In the previous post I showed the loop antenna I’m using at present. Full wave loops will resonate on all harmonics so a 40 meter loop can also be used on 20, 15, and 10 meters, however, you can’t get a perfect match on all bands. What’s more, if the antenna length and feed impedance are adjusted for a perfect 1:1 match on one band, the other bands will suffer. I prefer to go with a “happy medium” approach, where all bands provide an acceptable match. With this antenna that means an SWR of around 2:1. That happy medium occurs, for this antenna, at about 115 ohms.
Below I’ll describe the matching device I built for this antenna and the resulting measurements. The objective for the feed is to match unbalanced 50 ohm coax to a balanced 115 ohm load. The feed shall also choke off or isolate common mode currents so the signal travels inside the coax and not on the shield.
A transmission line transformer configured to transform from one impedance to another is always an unun. It cannot provide isolation. If we also want isolation we must use two separate transmission line transformers in series. In this design, isolation is provided by a transmission line transformer configured as a 50 ohm 1:1 balun followed by a transformer that steps up the impedance. Loss in a well designed transmission line transformer is less than one percent so the combined loss of two in series is still negligible.
We begin with the impedance transforming unun using a T140-61 core and some 16 AWG magnet wire. Type 61 material is more expensive but I chose it for this transformer because it has very low losses from 3 to 30 MHz. This toroid works like an autotransformer so there is some magnetization of the core and low loss is, thus, important.
Ferrite is a very hard material so I like to cover toroids with one layer of Scotch 33+ to provide some padding for the wire. This ferrite is non-conductive and the edges are smoothed so the tape probably isn’t necessary but it makes me feel better.
Next, I cut small strips of the fiberglass tape shown above to make the transmission line as shown below. The tape has a silicone adhesive, is rated to over 500 degrees F, and most importantly it doesn’t stretch. Taping the wires like this makes it much easier to wind the toroid core while keeping the conductors side-by-side.

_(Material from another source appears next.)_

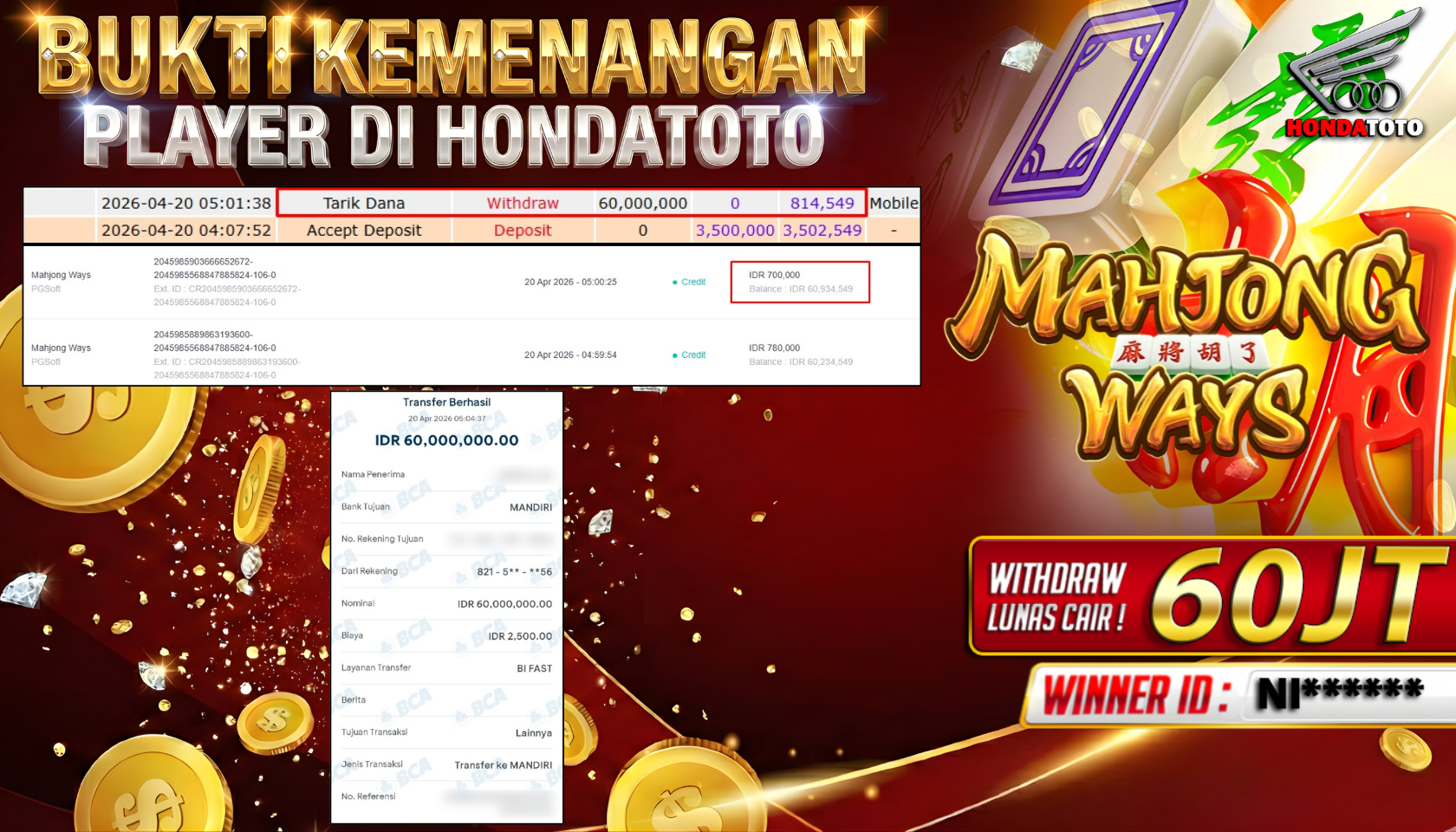 Bukti Kemenangan 20 April 2026 Di PG SOFT MAHJONG WAYS WD 60 Juta
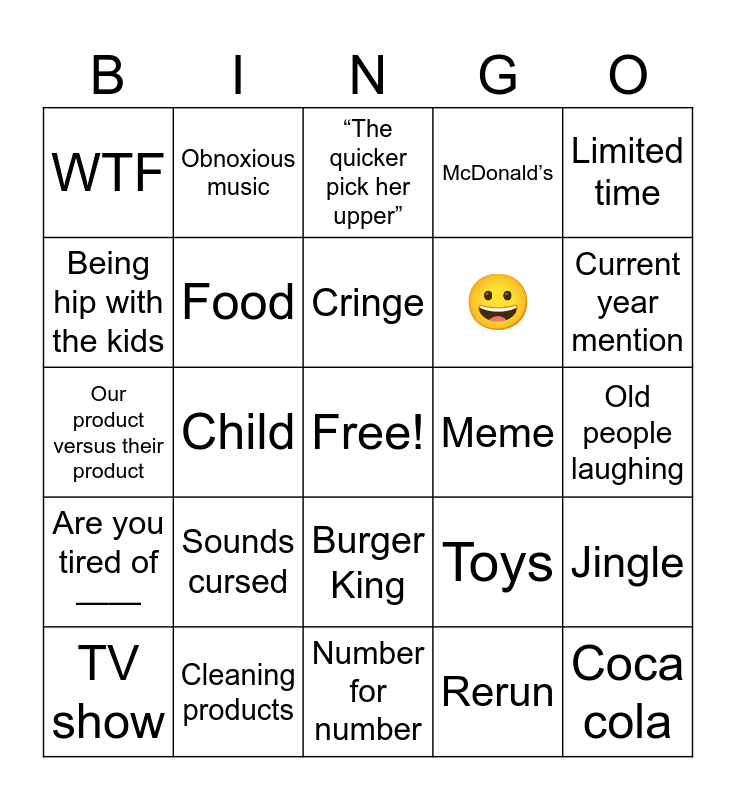 This bingo card has a free space and 24 words: Sounds cursed, Cleaning products, Cringe, TV show, Limited time, WTF, Being hip with the kids, Obnoxious music, Meme, Burger King, 😀, Our product versus their product, Toys, Jingle, Food, Rerun, Old people laughing, “The quicker pick her upper”, Current year mention, Child, Coca cola, Are you tired of ——, McDonald’s and Number for number.

Below is the finished toroid with eight trifilar turns. These will be wired in series and used like an autotransformer with a 1.5 to 1 turns ratio, giving a 2.25 to 1 impedance transformation. In other words, this configuration is a 2.25 to 1 unun, transforming 50 ohms to 112.5 ohms.
Next we use an FT240-43 toroid and a two conductor transmission line made from 14 AWG magnet wire to make the isolator or 1:1 balun. The objective here is to come up with the highest common mode impedance using the least amount of wire. I chose type 43 material which is cheaper, has much higher permeability, and higher loss, for the following reasons:
- We want to minimize inter-turn capacitance in order to keep the self-resonant frequency of the balun as high as possible. That means we want as few turns as possible. Type 61 material has a permeability of 125. Permeability of type 43 is 850, allowing fewer turns to reach a certain inductance.
- Type 43 material has higher loss but in this application it doesn’t matter — it’s actually a benefit. Core magnetization in this type of 1:1 balun is theoretically zero. If there’s no core magnetization then there’s no loss. The only core magnetization that might occur results from the small common mode currents that we’re trying to get rid of. If those disappear as heat in the core, so much the better. Core heating in this kind of balun only becomes significant at power levels well beyond 1500 watts so it can be ignored.
- Type 43 material costs much less than 61, which is nice, but didn’t drive the choice.
Below is the finished isolator with six turns, connected to the 2.25:1 unun, ready to be installed in an outdoor rated housing. Note the crossover. The crossover has no effect on the performance of the transformer and provides for the input and output wires to come out on opposite sides, which is handy in this case.
Below are the two transmission line transformers installed in a Bud NEMA4 waterproof polycarbonate box. All hardware is 18-8 stainless.
Shown below is the first test setup. A 115 ohm 1% resistor is fixed across the balanced output terminals and the analyzer was swept, taking 500 samples from 3 to 30 MHz. SWR measured nearly flat with 1.01 at 3 MHz, rising to 1.09 at 30 MHz. The photo shows the analyzer at 14.1 MHz reading 51 ohms, exactly what one would expect with 115 ohms on the output terminals.
Below is a 500 sample sweep from 3 to 30 MHz of the final installation. I originally made the antenna using 143 feet of wire, which in my experience is a little long so I can trim it. Because this installation has one leg of the triangle parallel to and 10 feet off the slope of the hill behind my house. The antenna resonated about 3 percent low. My calculation said to shorten it by 5 feet, which brought the antenna to exactly where I want it.
The antenna can be used on all four bands without a tuner.
Look for me at night around 7070 kHz on PSK31, Contestia, Olivia, Thor, PSK63F, and Hellschreiber modes. 73 de KW2P.